AIM OF THE TASK
From the data below, please reproduce exactly everything from the line that contains "从输入地看,流向中部和西部地" down to the line that contains "Diving Spotted Fish", with both ends included.

DATA SHOWN
——————————

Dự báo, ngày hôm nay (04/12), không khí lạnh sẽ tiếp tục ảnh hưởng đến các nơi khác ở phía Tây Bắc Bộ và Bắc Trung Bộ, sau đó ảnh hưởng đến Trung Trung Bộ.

——————————

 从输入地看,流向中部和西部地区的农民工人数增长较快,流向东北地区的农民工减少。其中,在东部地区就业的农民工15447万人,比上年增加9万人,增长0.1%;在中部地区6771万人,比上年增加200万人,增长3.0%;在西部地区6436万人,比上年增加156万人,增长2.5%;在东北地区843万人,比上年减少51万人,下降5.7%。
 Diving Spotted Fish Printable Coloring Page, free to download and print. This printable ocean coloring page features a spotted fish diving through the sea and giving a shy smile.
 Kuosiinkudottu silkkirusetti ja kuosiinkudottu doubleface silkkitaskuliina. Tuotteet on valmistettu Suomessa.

——————————

SOLUTION FOR THIS TASK
 从输入地看,流向中部和西部地区的农民工人数增长较快,流向东北地区的农民工减少。其中,在东部地区就业的农民工15447万人,比上年增加9万人,增长0.1%;在中部地区6771万人,比上年增加200万人,增长3.0%;在西部地区6436万人,比上年增加156万人,增长2.5%;在东北地区843万人,比上年减少51万人,下降5.7%。
 Diving Spotted Fish Printable Coloring Page, free to download and print. This printable ocean coloring page features a spotted fish diving through the sea and giving a shy smile.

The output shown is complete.